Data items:
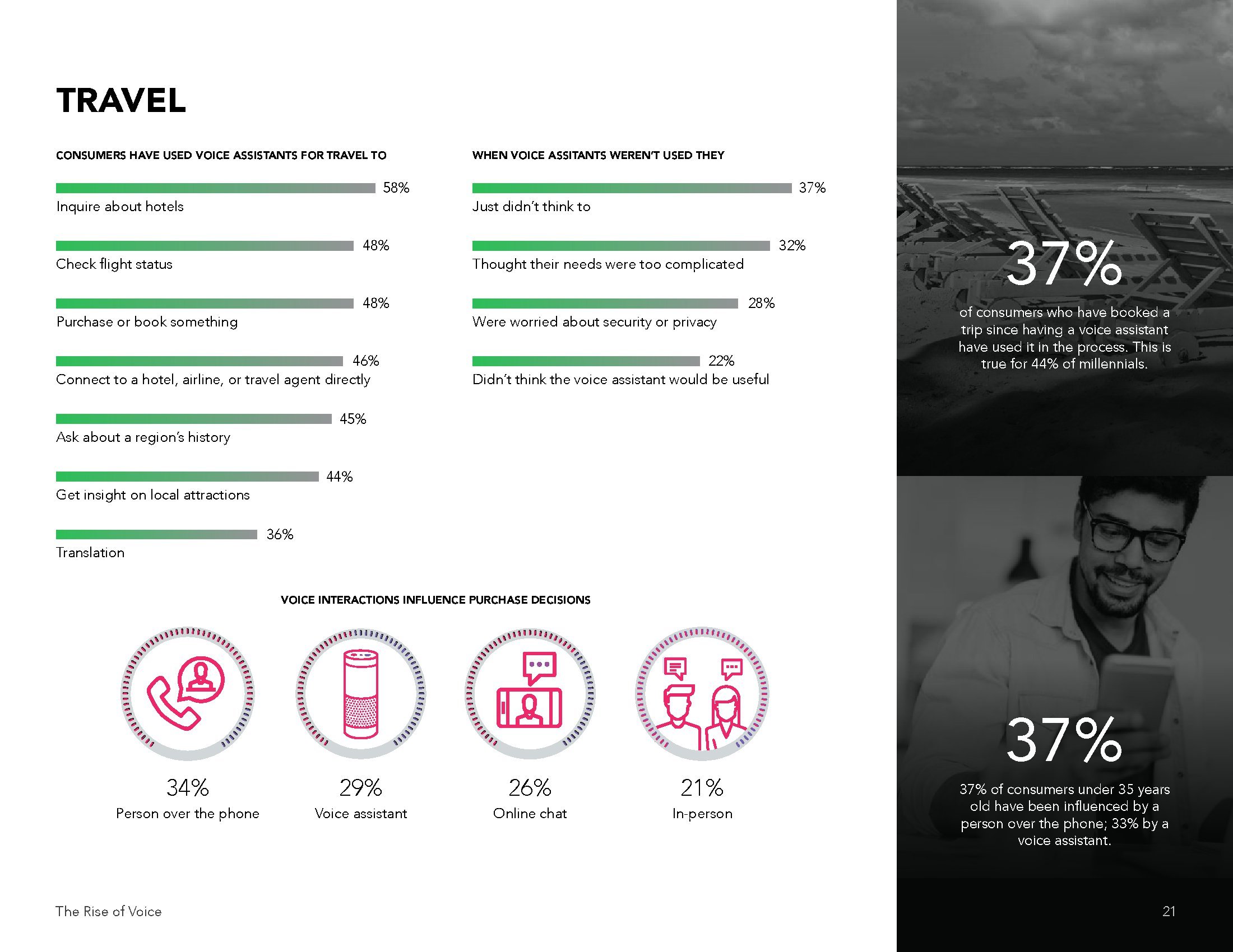 旅游业:拥有语音助手的消费者主要用它们来查询酒店(58%)。语音助手在购买旅游产品的过程中非常重要,37%的受访者使用语音助手预订过旅游,千禧一代依然是前沿(44%)。
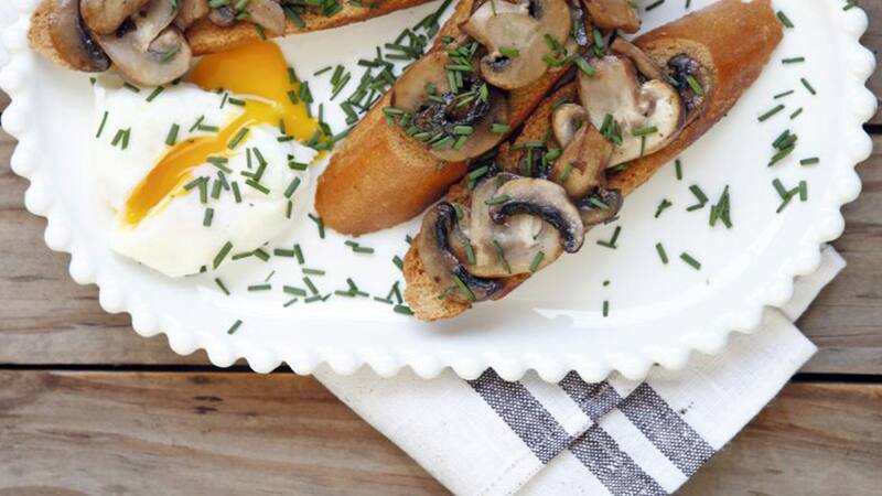 4. Poner sobre las tostadas de pan los champiñones y finalmente el huevo pochado. Decorar con ciboulette.
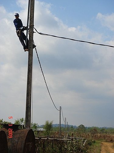 架設好的電線有如盤據在半空的長龍.這可是一條通往幸福的電線啊!!
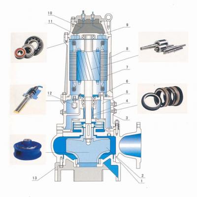100WQ潛水排污電泵的主要部件是葉輪、泵體和底座潛水電機。泵和電機是同一個軸,因為泵位于整個污水泵的底部,所以它可以限制地面上的污水量。葉輪設(shè)計為雙流道,大大提高了污水的流量,能有效地通過直徑為泵直徑50%的固體顆粒。
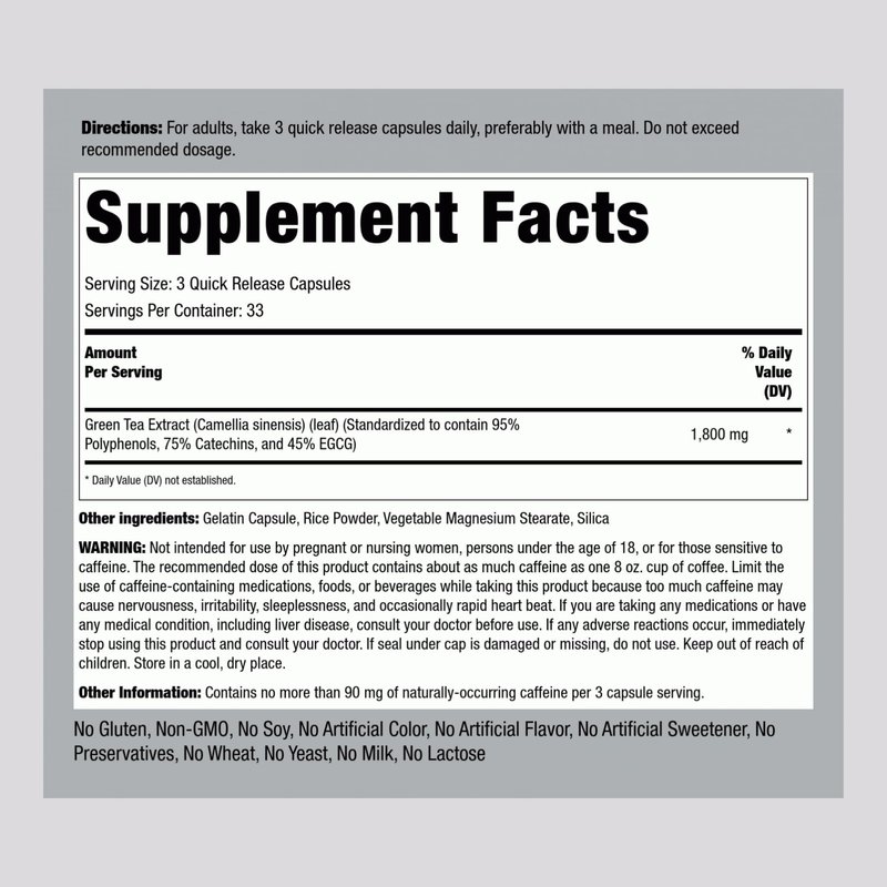 - Standardized to 95% Polyphenols, 75% Catechins, 45% EGCG
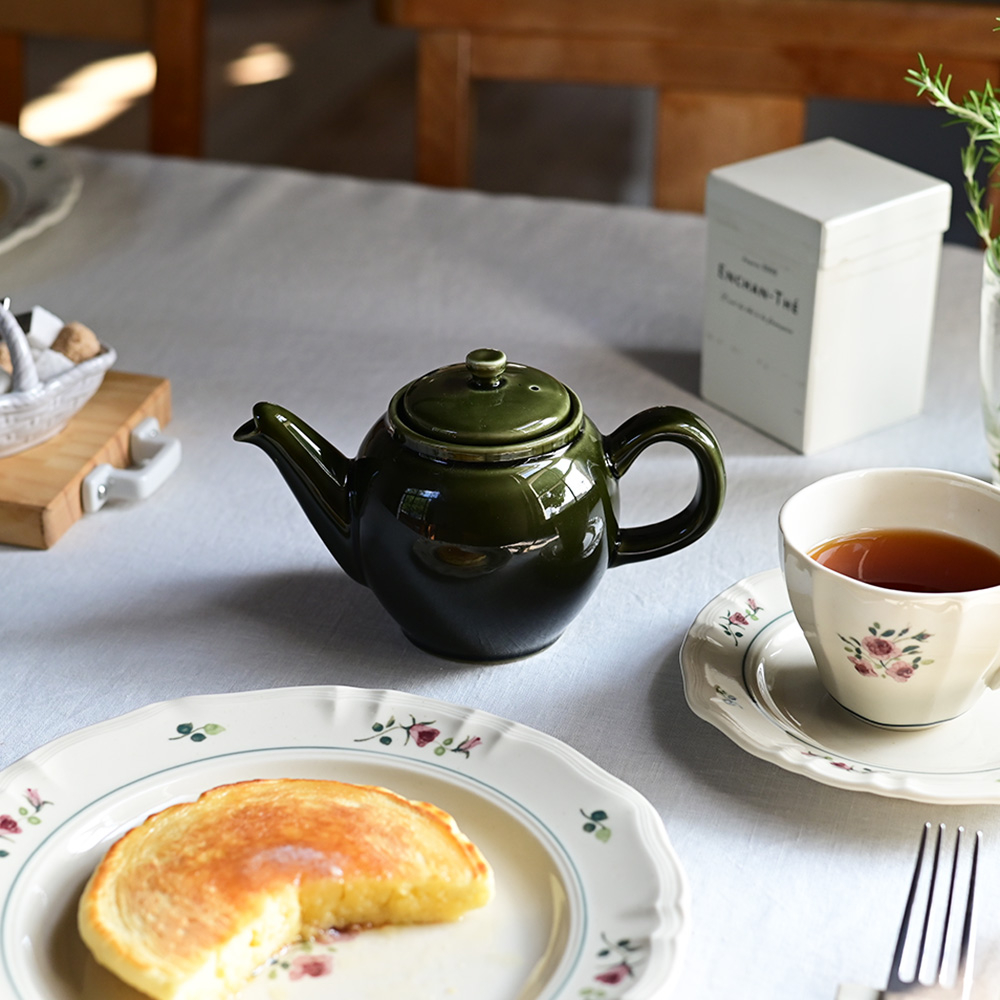 シンプルなデザインでお気に入りの紅茶とお菓子を楽しむためのポットです。
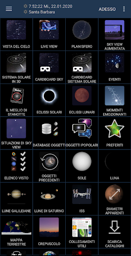 - Visualizzazione a realtà aumentata del cielo utilizzando la fotocamera del dispositivo
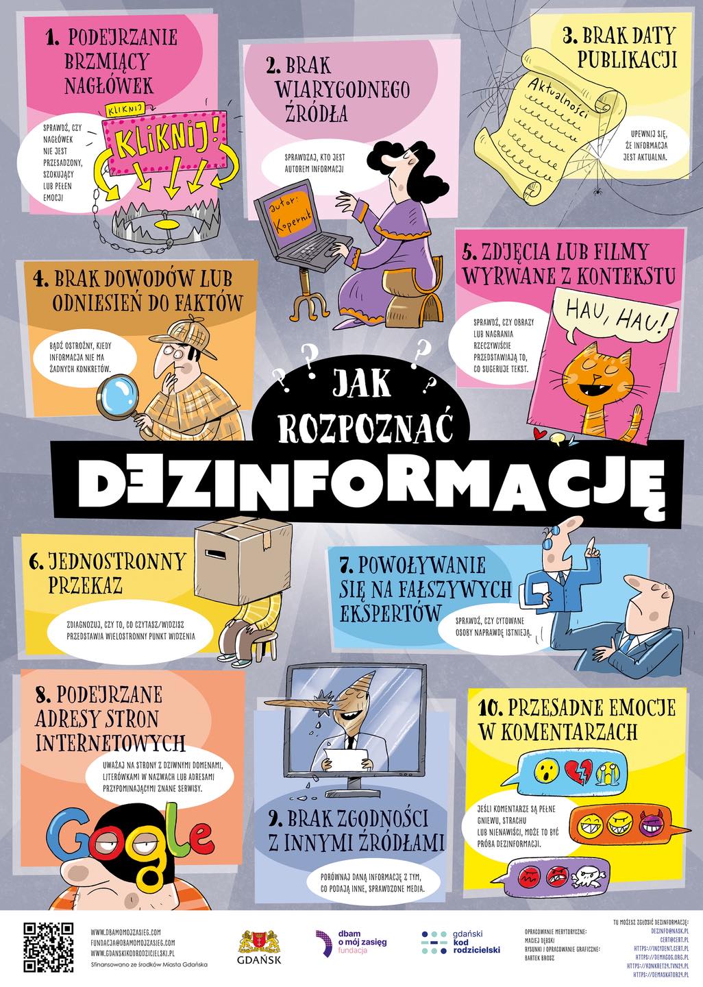 Prezentujemy plakat edukacyjny „Jak rozpoznać dezinformację”, który w przystępny i humorystyczny sposób pokazuje, na co warto zwracać uwagę, przeglądając internet.
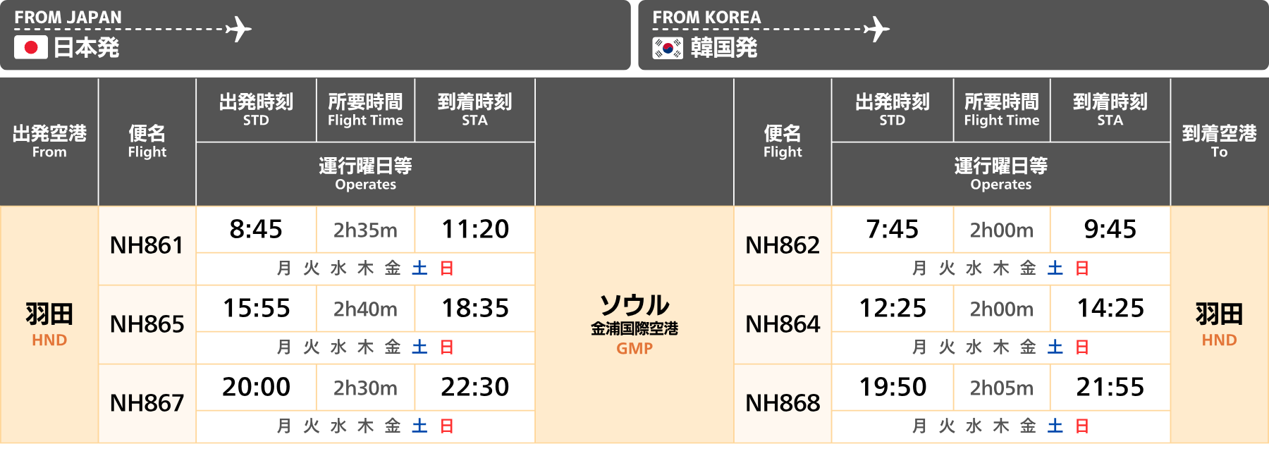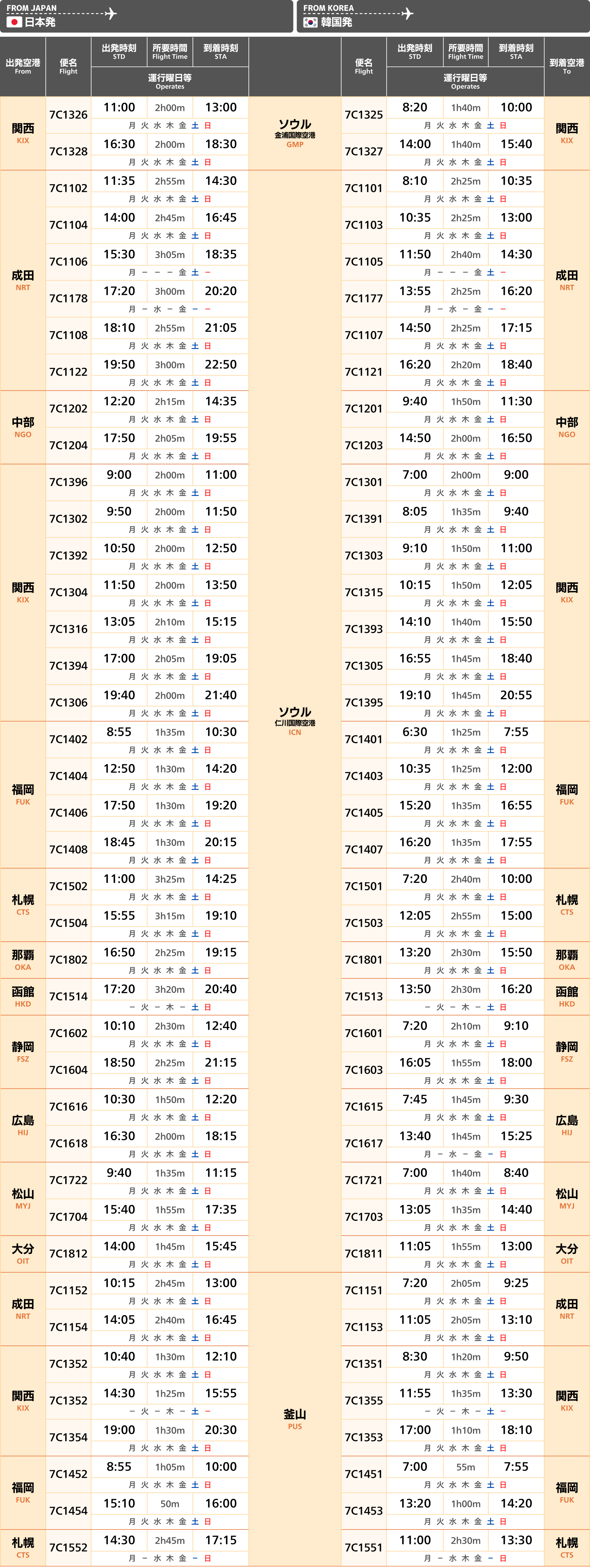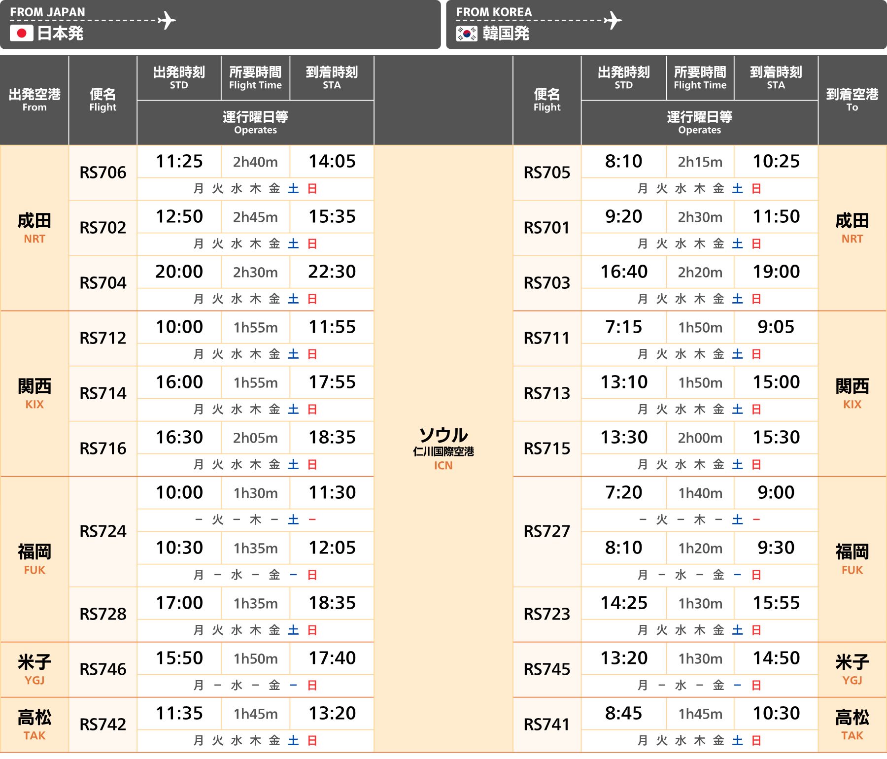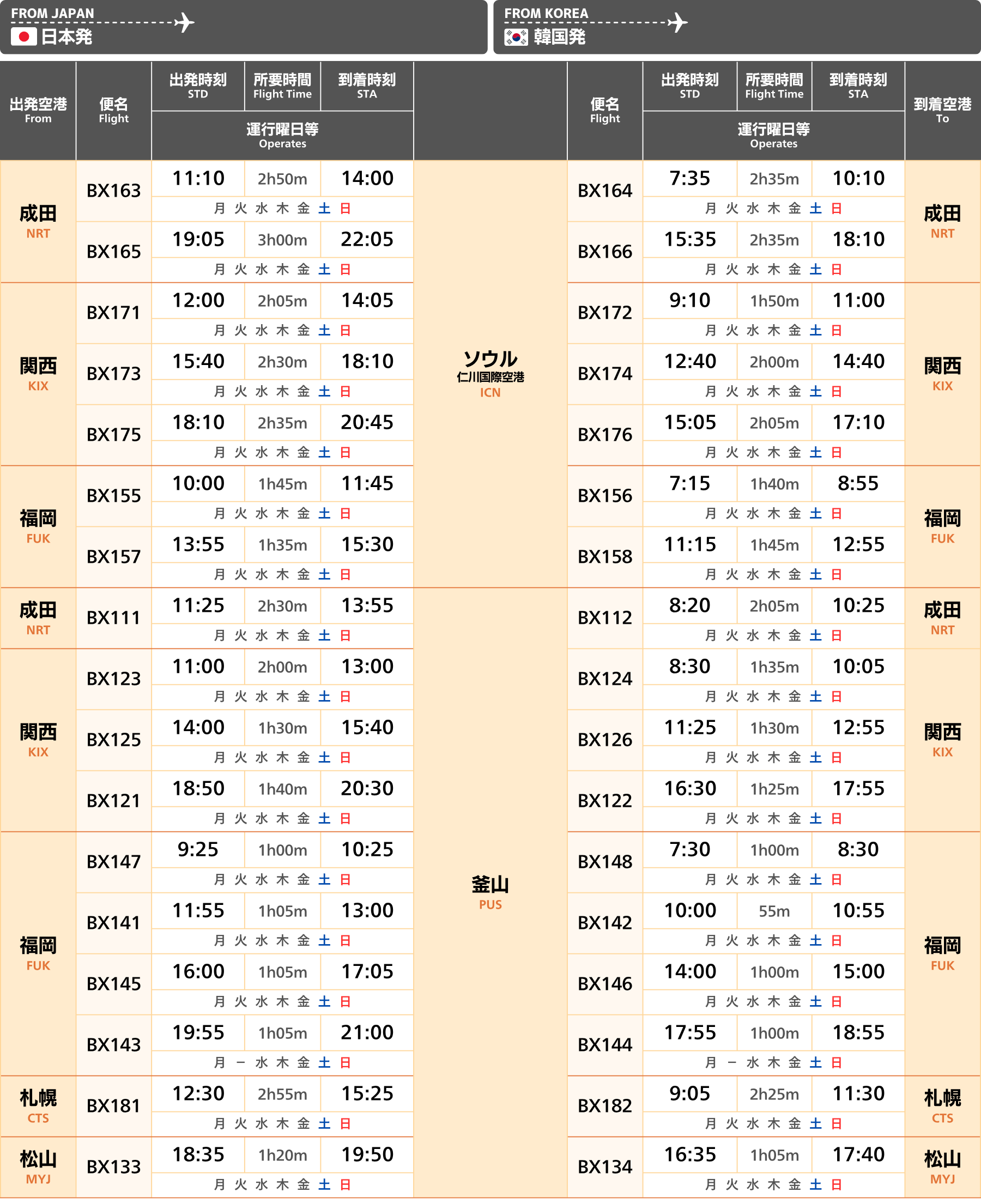 韓国|直行便 航空会社時刻表・運航状況【2025年冬季スケジュール】 日本航空 全日本空輸 大韓航空 アシアナ航空 チェジュ航空 ジンエアー ティーウェイ航空 エアソウル エアプサン イースター航空 エアプレミア エチオピア航空 海外航空券|問い合わせフォーム 海外航空券トップ

(WHAT THE EXERCISE ASKS) Repeat exactly the lines from the one containing "架設好的電線有如盤據在半空的長龍.這可是一條通往幸福的電線啊!!" to the last line of the records above, including both, and leave out any pictures.

(SOLUTION TO THIS TASK)
 架設好的電線有如盤據在半空的長龍.這可是一條通往幸福的電線啊!!
100WQ潛水排污電泵的主要部件是葉輪、泵體和底座潛水電機。泵和電機是同一個軸,因為泵位于整個污水泵的底部,所以它可以限制地面上的污水量。葉輪設(shè)計為雙流道,大大提高了污水的流量,能有效地通過直徑為泵直徑50%的固體顆粒。
 - Standardized to 95% Polyphenols, 75% Catechins, 45% EGCG
 シンプルなデザインでお気に入りの紅茶とお菓子を楽しむためのポットです。
 - Visualizzazione a realtà aumentata del cielo utilizzando la fotocamera del dispositivo
 Prezentujemy plakat edukacyjny „Jak rozpoznać dezinformację”, który w przystępny i humorystyczny sposób pokazuje, na co warto zwracać uwagę, przeglądając internet.
 韓国|直行便 航空会社時刻表・運航状況【2025年冬季スケジュール】 日本航空 全日本空輸 大韓航空 アシアナ航空 チェジュ航空 ジンエアー ティーウェイ航空 エアソウル エアプサン イースター航空 エアプレミア エチオピア航空 海外航空券|問い合わせフォーム 海外航空券トップ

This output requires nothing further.